Wednesday, February 10, 2010

Not the Beginning of the End, But the End of the Beginning



It's time to take the weight off and down my calcium supplements.  The extra pounds can't be good for my joints, and my only dietary calcium intake comes from ice cream.  Why?


Because I refuse to end up like my grandmother.


She was taken to the hospital yesterday.  Her hip and T-12 vertebra is broken.  She didn't fall...but arthritis and osteoporosis have eaten away at her bones.  They're like Swiss cheese.  There is literally nothing left of her hip to repair.  She probably broke both by just trying to get up out of a chair.  


Stubbornness is a trait that runs on both my mother's and father's sides of the family, and it can be a good thing sometimes.  But my grandmother has taken it to ridiculous extremes.  She has refused these last three weeks to take any of the Lortab that was prescribed for her even though she was in excruciating pain.  She has insisted these last three weeks that she could go home and take care of herself, even though she could not lift a glass of water to drink.  Three years ago her doctor told her her bones were fragile, that she should be using a walker and not going up and down flights of stairs.  I moved in two and a half years ago.  No walker until about six weeks ago.  Still going down to the basement to do her laundry.  When I moved in, I offered my help with these things, but all I got was an insistent N.O. I stopped asking.  It was a frustrating waste of breath to try.
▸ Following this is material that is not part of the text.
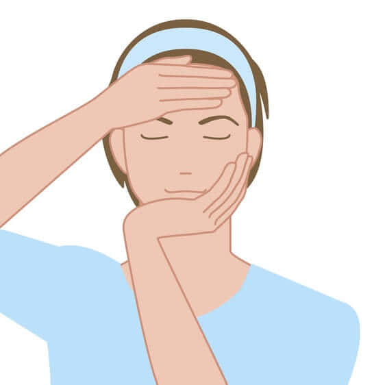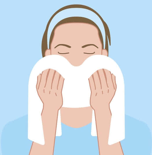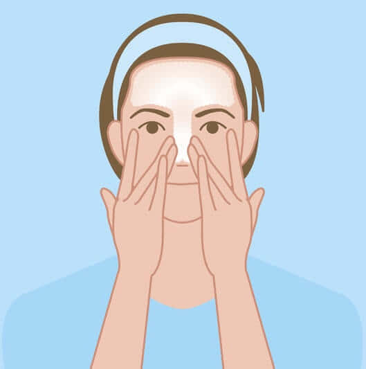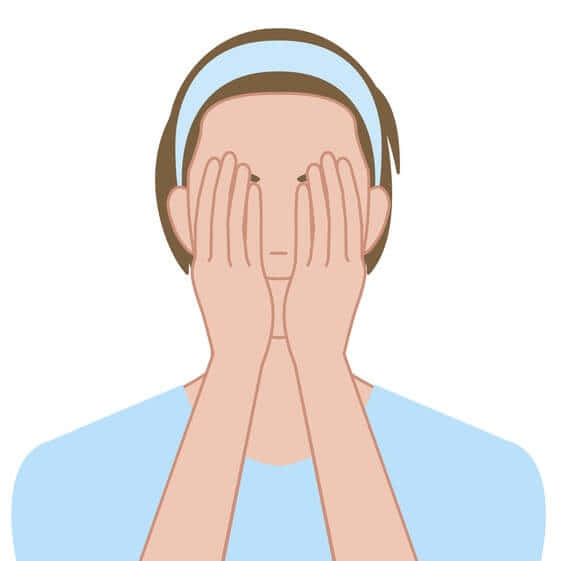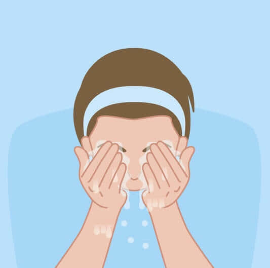 - 水またはぬるま湯で顔全体をすすぐ

But NOW she wants my help.  Because, you see, she believes that her hip and back will be fixed, she'll get some rehab, and she will come back home where I am going to care for her for the rest of her life.  She has told all the nurses at the hospital this.  I should make it clear that this is not expected of me by anyone except her.  She wouldn't let me dust the lamps in the living room but she wants me to do this?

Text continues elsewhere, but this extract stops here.